Before long many of the philanthropists most concerned for the fate of the Indians were urging that removing them from immediate proximity to the whites and slowing down the process of assimilation were the only means of saving them from extinction. Thus the way was prepared for the wholesale removal of the Indians that took place under President Andrew Jackson—lending a humanitarian justification for what most white settlers wanted anyhow: to get rid of the Indians and take their lands.94
The encounter between the two incompatible cultures was a tragedy from beginning to end. Although Jefferson and other Americans continued to talk about incorporating the Indian into mainstream American life, in their hearts they knew better; and much of their writing about the Indians took on an elegiac tone, as if they realized that the native peoples were already doomed. They knew that the Indians represented much of what they themselves valued—a respect for human dignity and a passion for human freedom. These were values that Americans also came to identify with the West. Americans never lost the sense that the Indian and America’s West were inextricably bound together.
11
Law and an Independent Judiciary
In 1801 the Republicans had taken control of two-thirds of the federal government—the presidency and the Congress—but the judiciary remained in the hands of the Federalists. The Federalist grip on the judiciary more than rankled Jefferson and his Republican colleagues; it enraged them. Most extreme Republicans never liked the judiciary anyway. It was the least popular part of both the state and federal constitutions and the institution relied upon by those who most scorned and feared the people. Most judges were appointed, not elected by the people, and often, as in the case of the federal judges, with tenure during good behavior. With its robes, court ceremonies, and elevated benches, the judiciary seemed to be the branch of government that was essentially unrepublican. Consequently, some of the most rabid Republicans would have liked to do away with the judiciary altogether.
This popular antagonism toward the judiciary had deep roots in the history of colonial America. Judges in the colonies had not gained their independence in the aftermath of the Glorious Revolution of 1688–1689 as those in the mother country had. Prior to the eighteenth century the English common law courts had been regarded as servants of the crown, and judges held their offices at royal pleasure. As a consequence of the Glorious Revolution and the Act of Settlement of 1701, however, royally appointed judges in the mother country had won tenure during good behavior. But in most colonies judges had continued to hold office at the pleasure of the crown. Many colonists had resented this dependence of the courts on the crown and thus had tended to identify the judges, or magistrates, as they were often called, with the much resented royal governors, or chief magistrates.

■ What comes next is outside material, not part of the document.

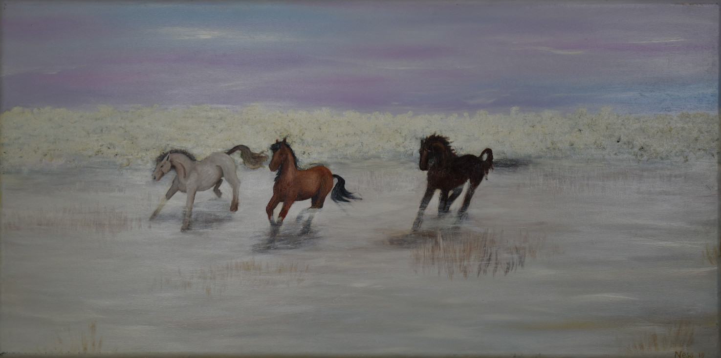 Mist landschap met galopperende paarden
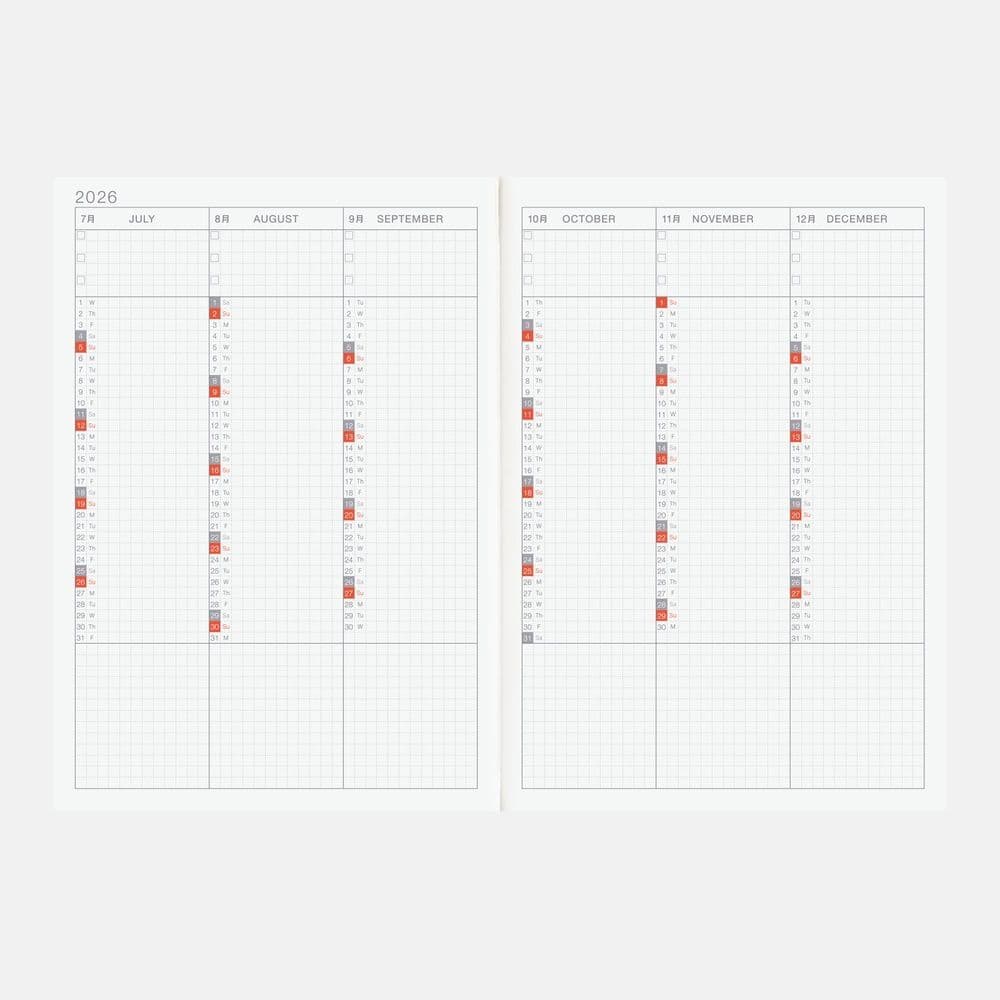 After years of testing, the graph paper has been set to 3.7 mm for optimal writing comfort. The graph paper design allows users to write from any starting point on the page, and the lines have been printed in light colors so users can either customize it to their own layout or ignore it completely. Like with the Japanese version, each month is printed in a different color.

The colonists had not usually regarded the judiciary as an independent entity or even as a separate branch of government. Indeed, they had often considered the colonial courts to be essentially political bodies, as magistracies that performed numerous administrative and executive tasks. The colonial courts in most colonies had assessed taxes, granted licenses, overseen poor relief, supervised road repairs, set prices, upheld moral standards, and all in all monitored the localities over which they presided.1 Consequently, it is not surprising that many colonists had concluded that there were really “no more than two powers in any government, viz. the power to make laws, and the power to execute them; for the judicial power is only a branch of the executive, the CHIEF of every country being the first magistrate.” Even John Adams in 1766 had regarded “the first grand division of constitutional powers” as “those of legislation and those of execution,” with “the administration of justice” resting in “the executive part of the constitution.”2 The colonial judges therefore had borne much of the opprobrium attached to the royal governors and often had been circumscribed by the power of popular juries to an extent not found in England itself.
Since Americans had become convinced that the dependence of the judges on executive caprice was, in the words of William Henry Drayton of South Carolina,“dangerous to liberty and property of the subject,” they sought to end that dependence at the Revolution.3 Most of the Revolutionary state constitutions of 1776–1777 took away the traditional power of the governors to appoint judges and gave it to the legislatures. The judges’ tenure clearly no longer depended on the pleasure of the chief magistrate. These changes in the judiciary’s status often were justified by reference to the doctrine of separation of powers made famous in the eighteenth century by Montesquieu—that, as the Virginia constitution of 1776 asserted,“the legislative, executive, and judiciary departments shall be separate and distinct, so that neither exercise the powers properly belonging to the other.”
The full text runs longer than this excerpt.